И тогда он начинает говорить нормально, то есть своим мужским голосом, который даже не мелодичен. Ханна видит его руку — она легонько вздрагивает, как бы трепещет. И это не потому, что он никогда не видел ее обнаженной, — такое бывало и прежде, она не стеснялась переодеваться при нем.

— …самые прекрасные груди, дорогая, в Европе. Что касается других континентов, то на этот счет у меня нет информации.

Другой же информации у него было в избытке. Он, скажем, всегда знал, кого она встретит за столом или в фойе во время спектакля, заранее давал ей характеристики и мужчин и женщин, называл слабые места тех и других, чтобы она могла воспользоваться этим в своих целях: "Осторожно, леди такая-то и малышка миссис Армстронг ненавидят друг друга. Вы можете рассчитывать лишь на одну из них; сделайте ставку на ту, что помоложе, она приведет с собой десятка два подруг, которые не знают, как пустить по ветру состояние своих мужей…", или: "Не верьте внешности, у этой венгерской графини нет ни пенни…", или: "Вы хотите перетянуть к себе и других американок? Угостите хорошенько Сьюзи Армбрюсгер: сама-то она все равно не потратит в вашем заведении больше трех франков, но зато, если заговорит о вас, то все остальные дамы заокеанской колонии постучат в один и тот же день в вашу дверь…"

(Именно Генри десять месяцев спустя, в январе 1899 года, когда ей понадобится повод, чтобы о ее институте заговорили, посоветует при первой же возможности энергично выставить за дверь толстуху в лиловом: "Ее ненавидят везде понемногу, хоть и боятся. Богата, но скупа. Вы ничего не потеряете. Выставьте ее на улицу, и завтра же у вас появится сотня ее подруг детства: как же, вы осмелились сделать шаг, о котором они мечтали со своего первого бала…")

Он говорит и продолжает смотреть на нее: пальцы его левой руки касаются ее бедра. Вновь умолкает, на этот раз надолго. Немного краснеет.

— Святый Боже! — восклицает он.

И тем не менее не отстраняется. Затем очень тихо говорит:

— Я действительно не мужчина, Ханна…

— Не знаю, Генри, не знаю.

— И хотели бы знать? К концу жизни вы вкусите все-все…

— Будет слишком поздно.

— Что верно, то верно.

Его рука медленно движется вверх, скользит по круглой поверхности бедра, ласкает ее бархатную кожу. Рука продолжает свой путь, доходит до живота, указательный и большой пальцы осторожно заигрывают с пучком волос цвета меди, свивая их в шелковистые жгутики. На помощь приходит другая рука и проникает между бедрами, которые она покорно расслабила. Достигает того места, где кожа такая гладкая.

— Приятно?

— М-м…

— Я впервые так смущен. У меня есть семнадцатилетний любовник, но он не так нежен, как вы.

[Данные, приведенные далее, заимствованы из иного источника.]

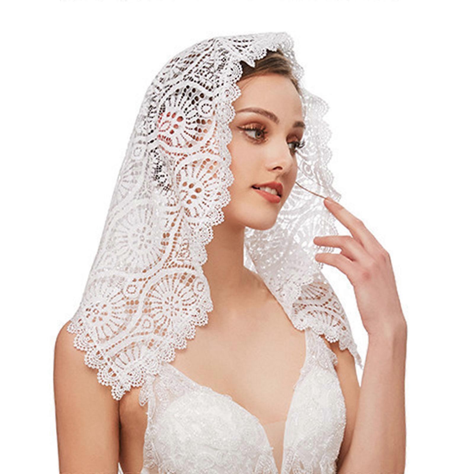 Elegant Lace Mantilla Bride Head Scarf With Cutout Design For Wedding Ceremonies And Special Occasion Church Headpiece White
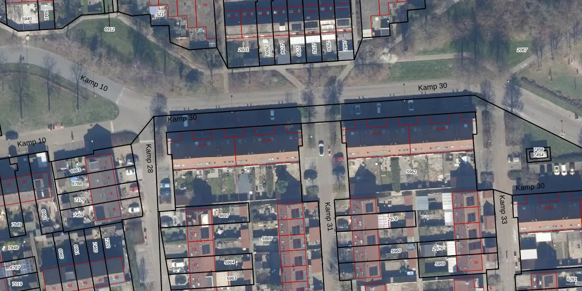 Het perceel waarop Kamp 30 26 staat heeft een oppervlakte van 3953 m². Dit is een zeer groot perceel. De perceeloppervlakte wordt geregistreerd door het Kadaster. Gedetailleerde informatie over de maten van dit perceel kunt u vinden in het rapport Kadastrale kaart met maatvoering van Kamp 30 26.
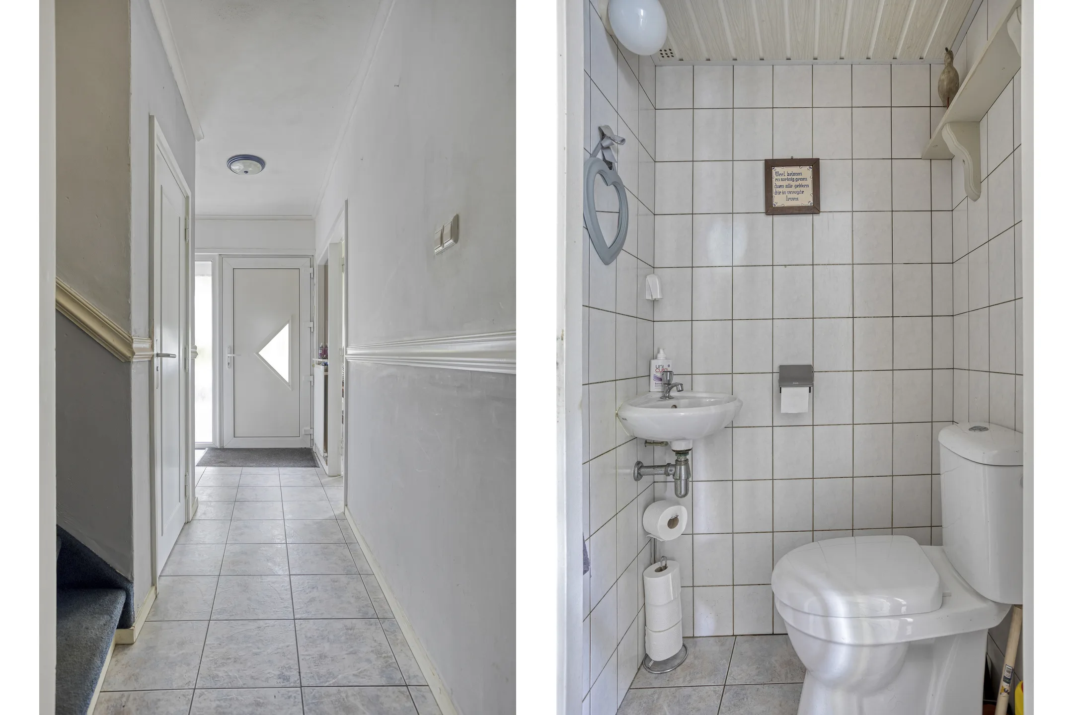Entree/hal: Overdekte entree. Ontvangsthal met garderobehoek en trap naar de eerste verdieping. Betegeld toilet met staand closet en fonteintje.

— Наконец-то я возьму верх.

— Боюсь, вы спешите. — Он склоняется над нею и кончиком языка касается по очереди каждой из грудей. — Какое странное впечатление. Я чувствую себя как в незнакомой стране. Даже запахи другие.

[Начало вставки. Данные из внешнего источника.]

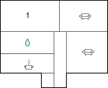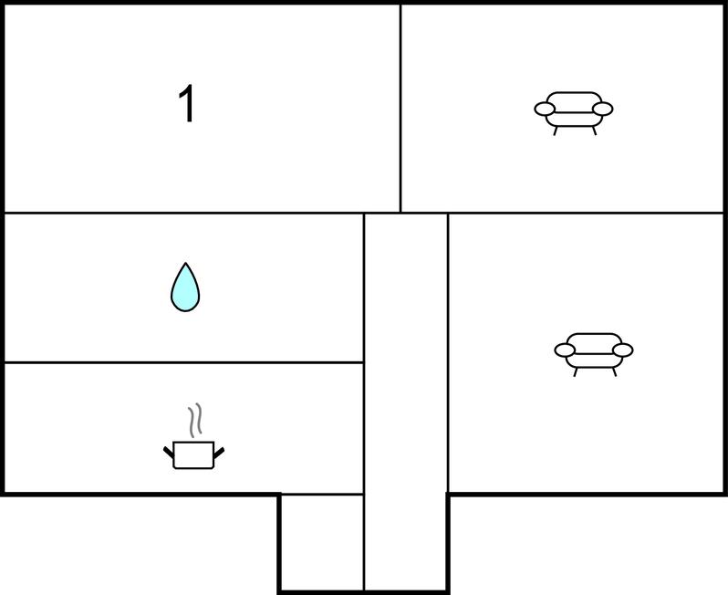 Badeværelse (nr. 1) - WC. Varmt og koldt vand. Bruser
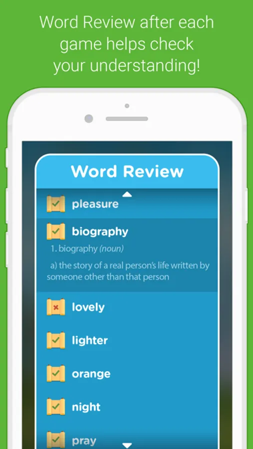 At the end of every game, our Word Review screen lets you study the definitions for the words in that game.
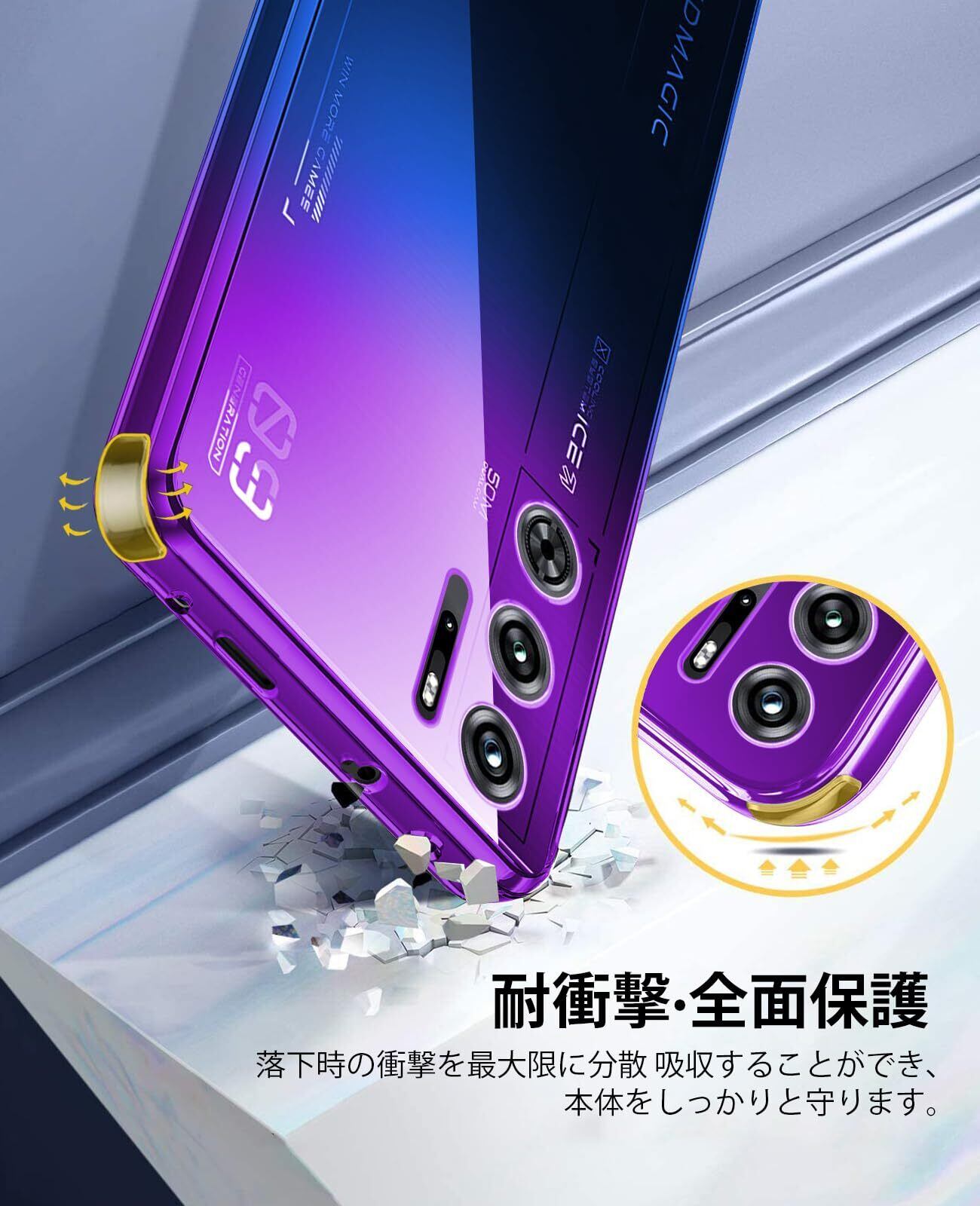 RedMagic 9 Pro ケース クリア 薄型 TPU 耐衝撃 グラデーション色 ケース 黄ばみ防止 擦り傷防止 軽量 人気 スマホケース カメラ保護 ワイヤレス充電対応 パープルブルー

Он целует ее в губы. Покачивая головой, позволяет себя раздеть. И действительно, что бы она ни предпринимала — с его стороны никакой реакции.

— Ханна, я вас предупреждал.

В какой-то момент Генри превращается в Беатрис и, касаясь ее одним лишь языком, как сделала бы женщина, любящая другую женщину, ему удается доставить ей несколько больше удовольствия, чем она ожидала. Затем он растягивается на спине и плачет. Оба знают: больше уже не возобновят этого. Он спрашивает:

— Ханна, вы уже пробовали с женщиной?

— Нет.

— А хотите?

— Нет.

— Злые языки что-то плетут о вас и о женщине-писательнице Коллетт.

Она смеется.

— Мы знаем друг друга. Но не больше. Между нами ничего не было и нет.

— Только с мужчинами, да?

— Я их обожаю! Я очень нормальна.

— А то, что вы это провозглашаете, — ненормально. Какое бесстыдство! Честная женщина не испытывает удовольствия. К тому же мы живем в викторианскую эпоху, дорогая…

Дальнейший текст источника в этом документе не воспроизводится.